All statements are either analytic or they are not. Which of the following state¬ ments are analytically true, which are analytically false and which not analytic at all? (i) ‘Bachelors are bold.’ (ii) ‘Murder is not wrong.’ (iii) ‘All ravens are black.’ (iv) ‘Unmarried males are bachelors.’ (v) ‘God exists.’ (vi) ‘Nothing can be red and green all over at once.’ (vii) ‘Grass is green.’ (viii) ‘Ifsomeone knows something he truly believes it.’

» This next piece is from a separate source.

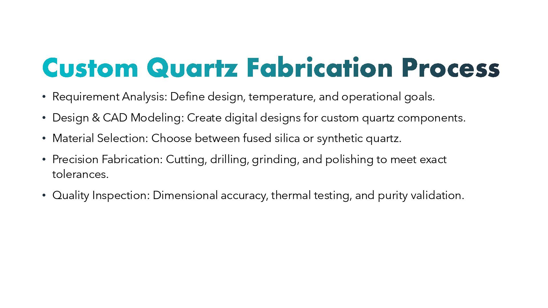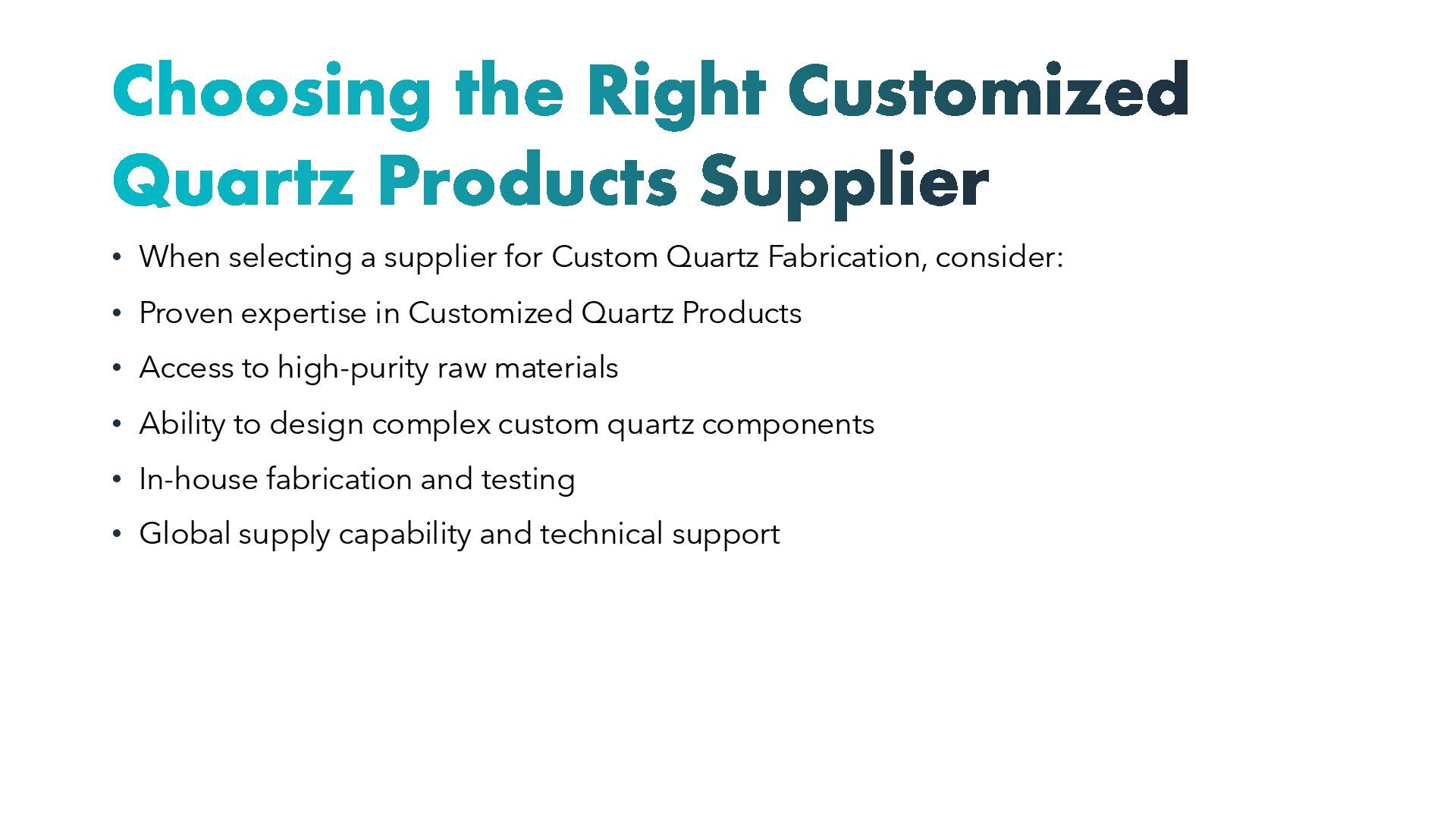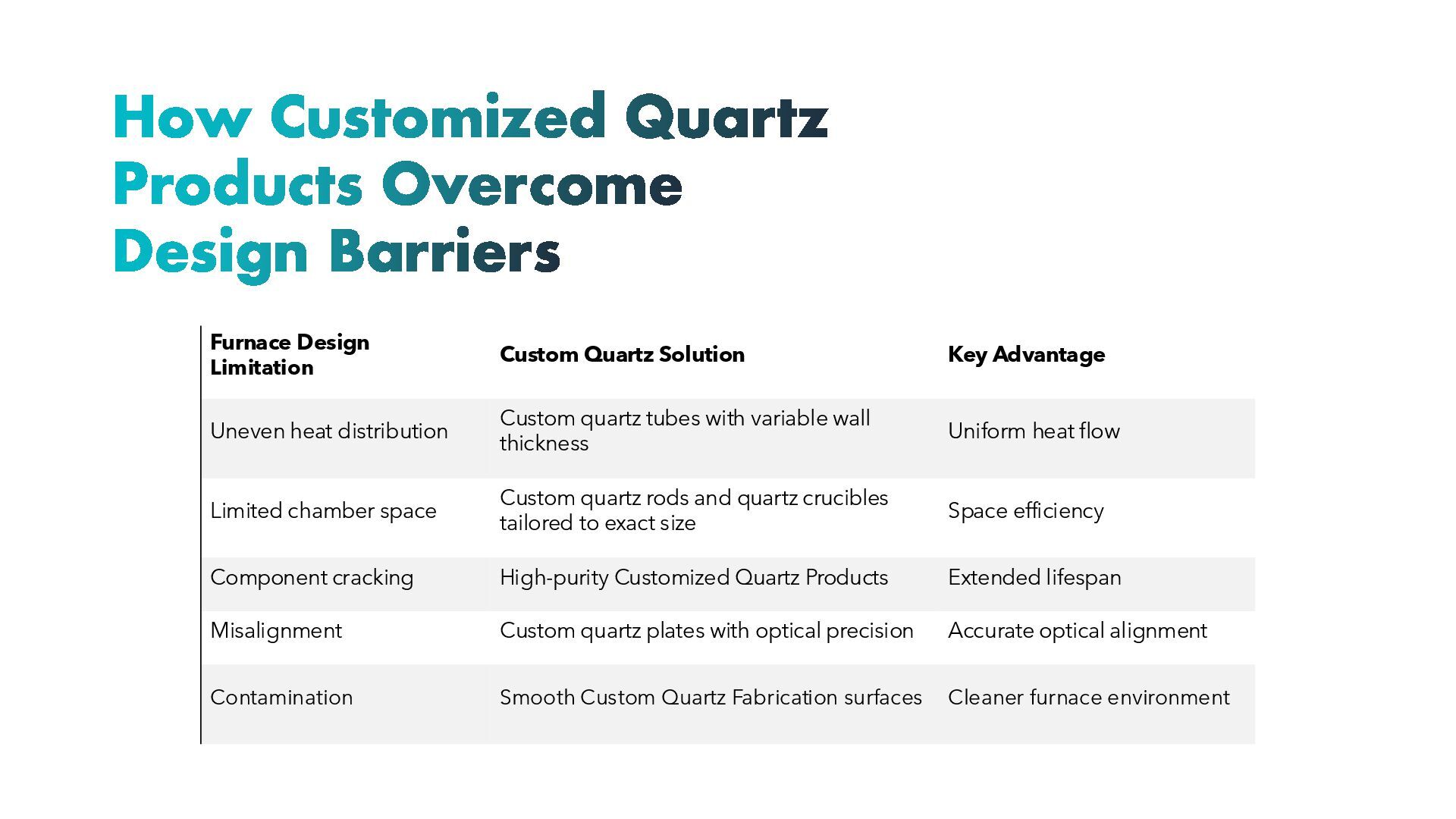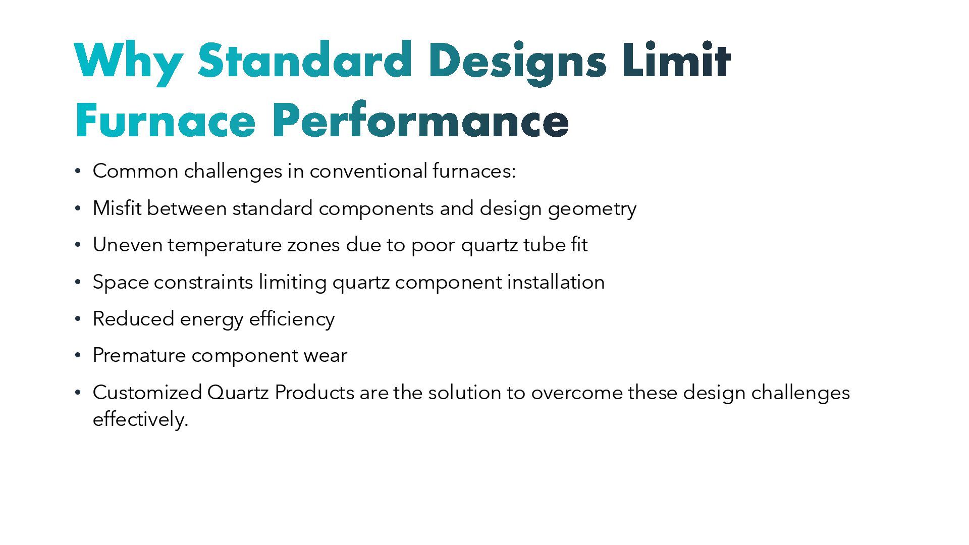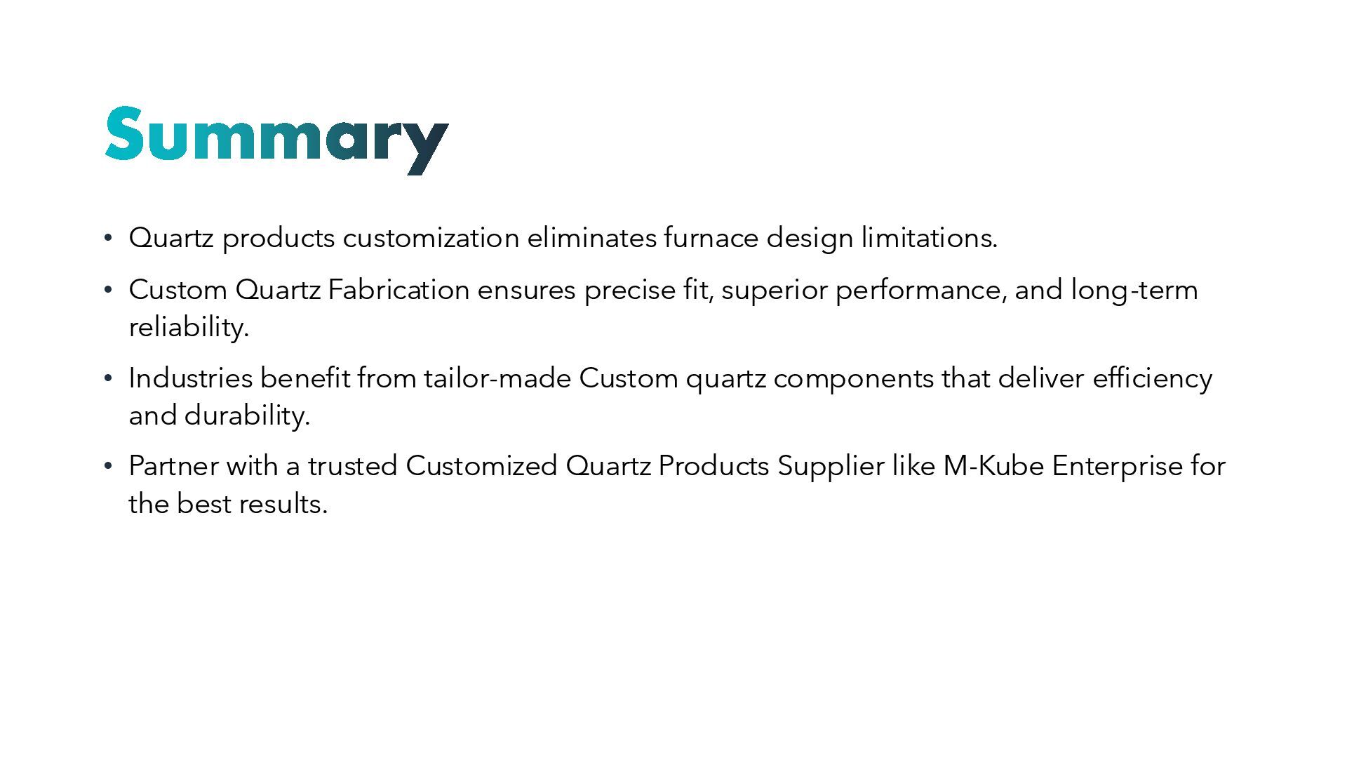 This presentation examines how customized quartz components overcome design limitations in high-temperature furnaces. It highlights precision-engineered quartz tubes, liners, and crucibles that improve thermal uniformity, chemical resistance, and optical clarity, enabling advanced performance in semiconductor, glass, and metallurgical applications.

Comments (i) is not analytic. Some bachelors doubtless are bold, some perhaps are not, whether any or all are is clearly a matter for empirical investigation and not to be decided by reference to what is involved in the concept ‘bachelor’. (ii) is, I should say, analytically false. The use of the term ‘murder’ is restricted to wrongful killing (as opposed to, say, killing in self-defence) hence, speaking within the convention, it is self-contradictory to say that murder is not wrong. Someone who says ‘Murder is not always wrong’ may, of course, mean that it is not always wrong to commit what the law classifies as murder. That is a way of saying that murder is not always murder, which need not be self-contradictory. So-called ‘murder’ need not be murder. Understood in this second way (ii) is not analytic at all. (iii) is, I should say, not analytic at all. It could, however, be understood as analytic and would be understood in that way by someone who would not count any white, grey or otherwise coloured bird as a raven. But it is, I think, rightly understood as a generalization about a matter of fact, as subject to confirmation or disconfirmation in experience. (iv) looks like an attempt to state an analytic truth. It is not, however, analytically true. Minors may be unmarried males but not bachelors. There is not any contradiction, however, in (iv). So we cannot say that it is analytically false. Rather it is not analytic at all. For we could imagine circumstances in which all unmarried males were bachelors. If the crew of a ship wrecked off a desert island came to constitute its population then it would, as a matter of empirical fact, be true of that island that all its unmarried males were bachelors.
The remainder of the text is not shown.